Assume we have an expression constructed as follows
w_bit = 32
x = relay.var("input", shape=[7], dtype=f"int{w_bit}")
w = relay.var("x2", shape=[2,], dtype=f"int{w_bit}")
zx = relay.var("x3", shape=[3, ], dtype=f"int{w_bit}")
zy = relay.var("x4", shape=[4, ], dtype=f"int{w_bit}")
e_scale = relay.var("x5", shape=[5,], dtype=f"int{w_bit}")
th = relay.var("x6", shape=[6, ], dtype=f"int{w_bit}")
yy = relay.concatenate([zx, zy], axis=-1)
out = yy + x
fn = relay.Function([x, w, zx, zy, e_scale, th], out)
mod = tvm.IRModule.from_expr(fn)
mod = relay.transform.InferType()(mod)
mod['main']
'''
fn (%input: Tensor[(7), int32], %x2: Tensor[(2), int32], %x3: Tensor[(3), int32], %x4: Tensor[(4), int32], %x5: Tensor[(5), int32], %x6: Tensor[(6), int32]) -> Tensor[(7), int32] {
%0 = (%x3, %x4);
%1 = concatenate(%0, axis=-1) /* ty=Tensor[(7), int32] */;
add(%1, %input) /* ty=Tensor[(7), int32] */
}
'''
When loaded in GraphExecutor, it is expected to feed 6 tensors (one input and five weights).
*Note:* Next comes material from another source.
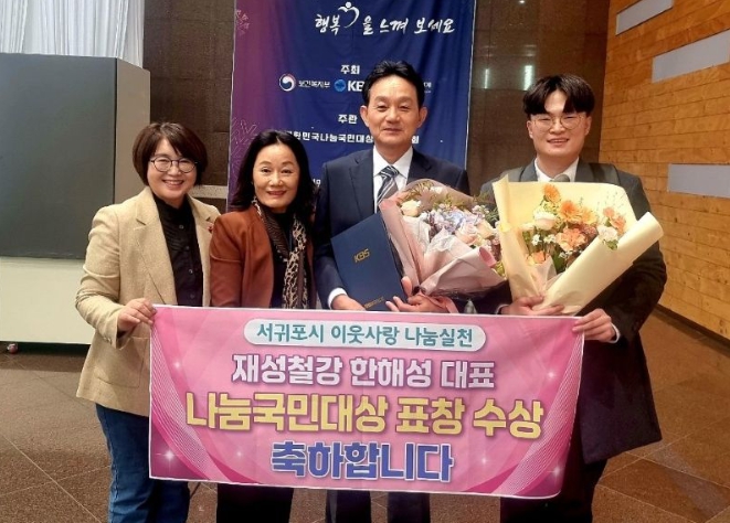 [뉴스노크=김인호 기자] 서귀포시는 재성철강 한해성 대표가 2014년부터 11년간 이웃사랑을 적극 실천해 온 공로를 인정받아 11월 6일 서울 KBS 본사에서 열린 ‘2025년 나눔국민대상 시상식’에서 민간단체장 대표수상자로 표창(KBS사장 표창)을 수상했다고 밝혔다.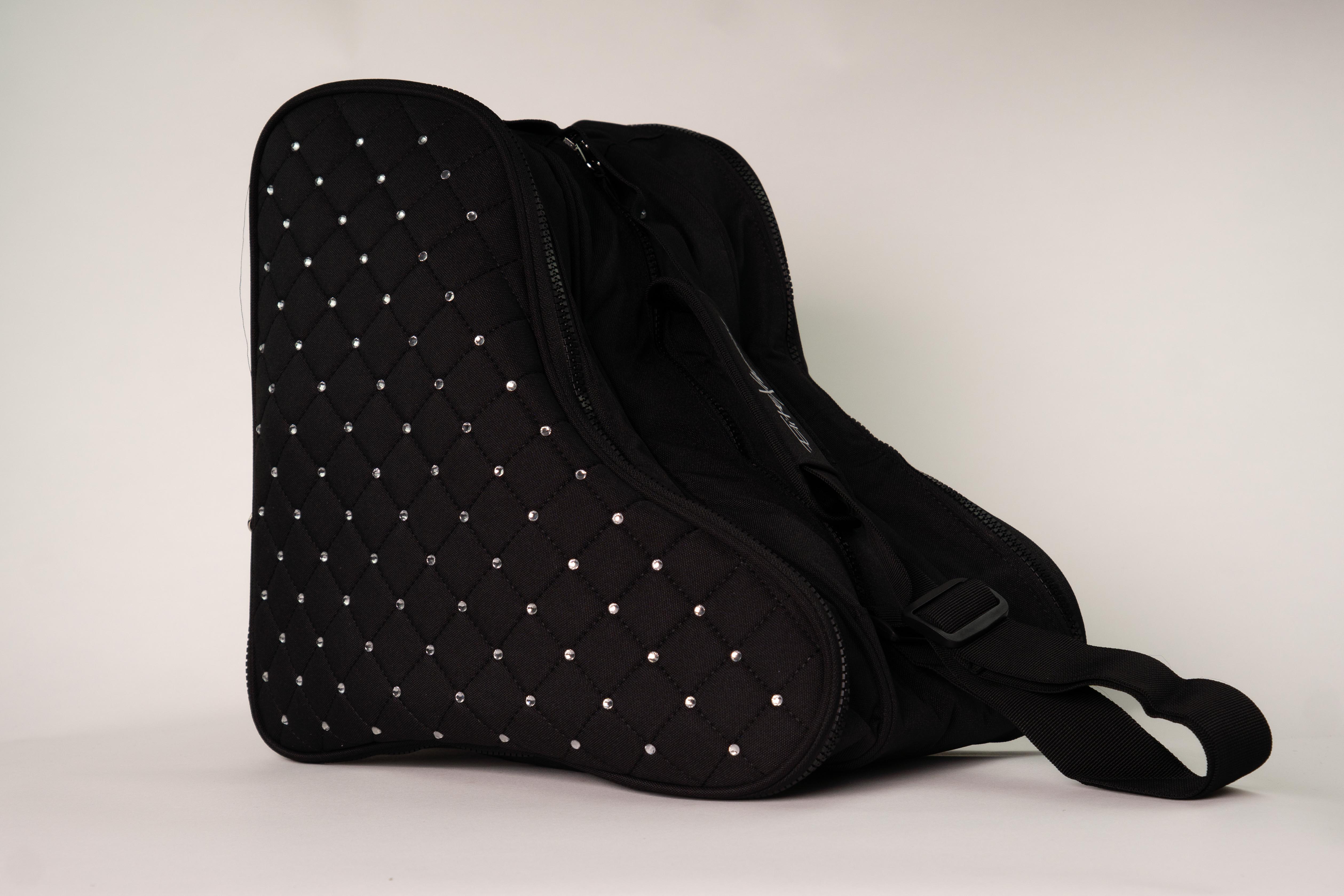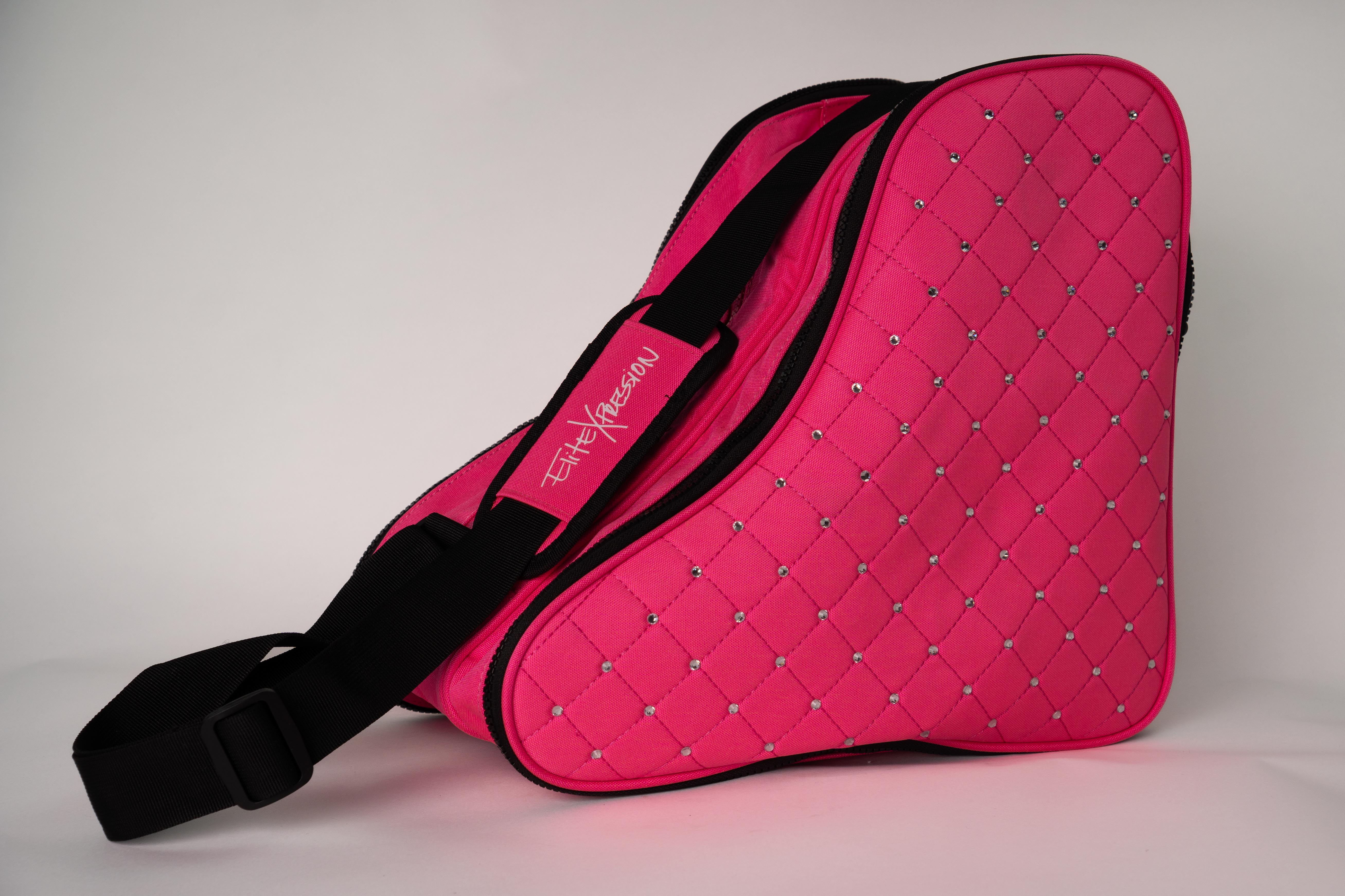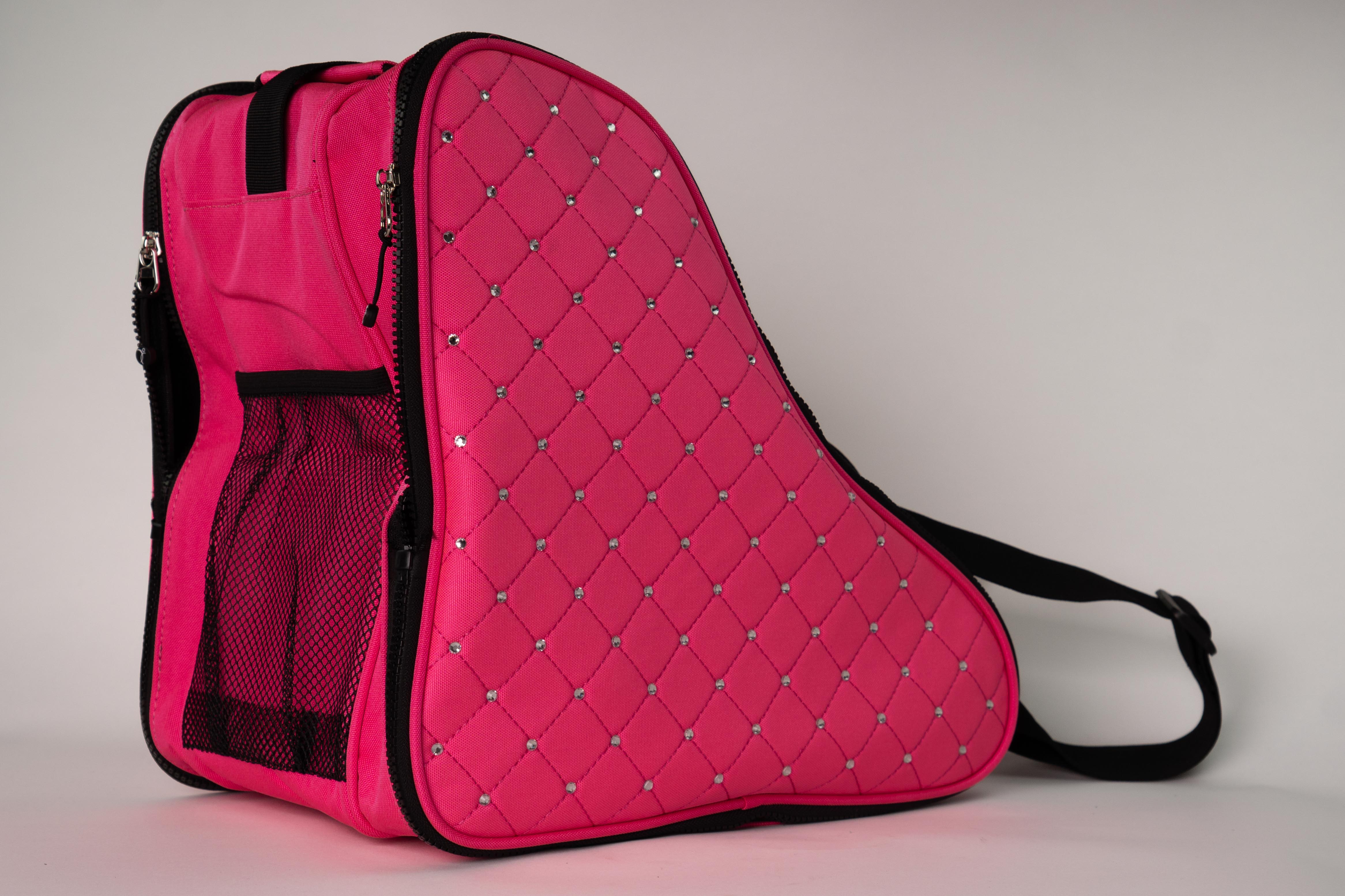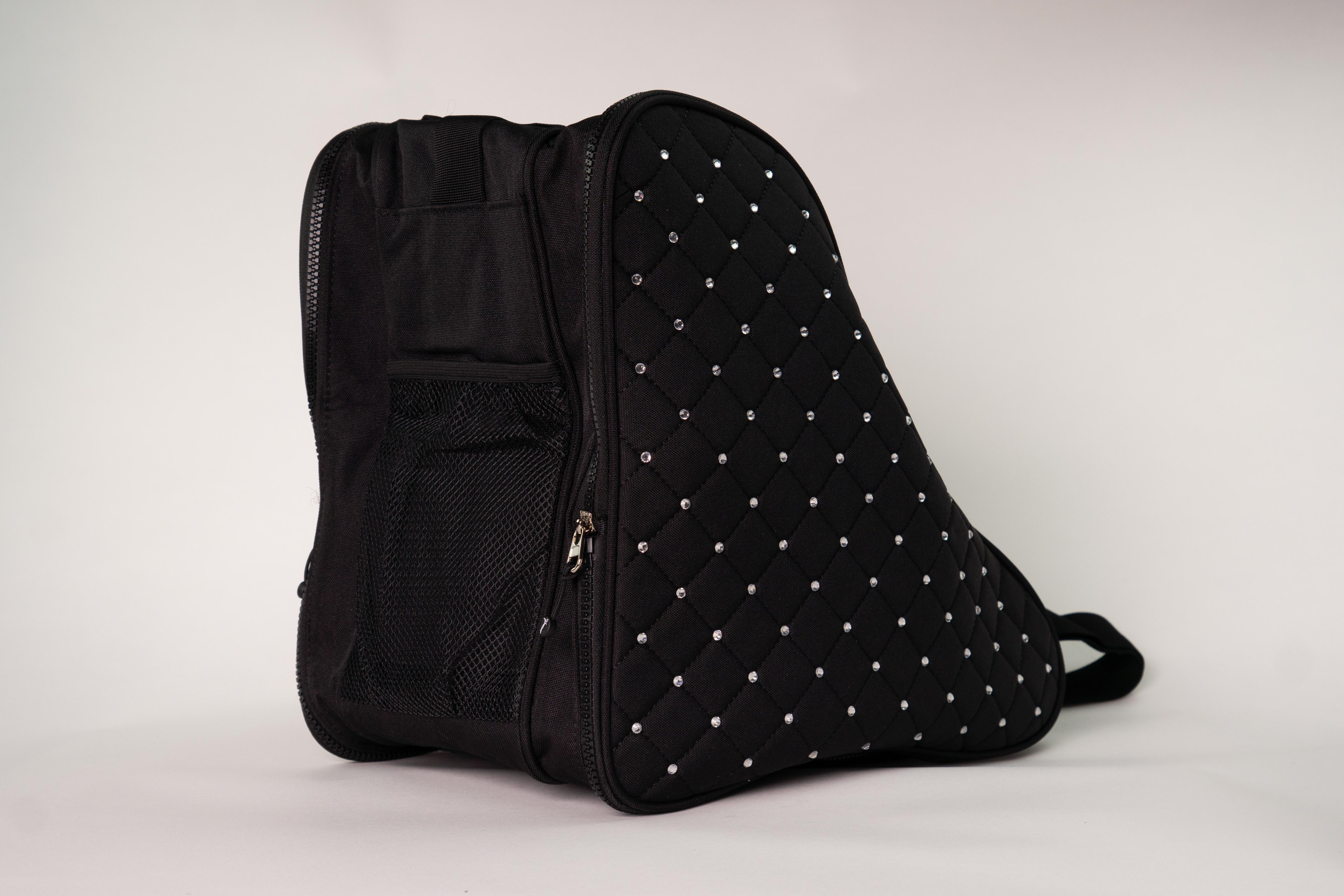 The EliteXpression figure skate bag combines style and function with its quilted exterior, sparkling rhinestones, and sleek black trim. A mesh side pocket adds storage, while the adjustable shoulder strap makes it easy to carry. Inside, the matching lining offers secure space for your skates. Available in both pink and black.

However, after compiling, lib.get_params
only return one parameters. Is there any implicit folding happens during the build?
vs = relay.analysis.all_vars(mod["main"])
# [Var(v1_input, ty=TensorType([1, 3, 80, 80], int32)), Var(v2_weight, ty=TensorType([16, 3, 3, 3], int32)), Var(v3_zero_x, ty=TensorType([1], int32)), Var(v4_zero_y, ty=TensorType([1], int32)), Var(v5_effective_scale, ty=TensorType([1, 16, 1, 1], int32)), Var(v6_truncate_threashold, ty=TensorType([1], int32))]
tp = dict()
for idx, v in enumerate(vs):
if "input" not in str(v.name_hint):
shape = [int(_) for _ in v.type_annotation.shape]
p = np.ones(shape).astype(np.int32) * idx
tp[str(v.name_hint)] = tvm.nd.array(p)
lib = relay.build(mod['main'], target="llvm", params=tp)
[(k, lib.get_params()[k].shape) for k in sorted(lib.get_params())]
# [('p0', (7,))]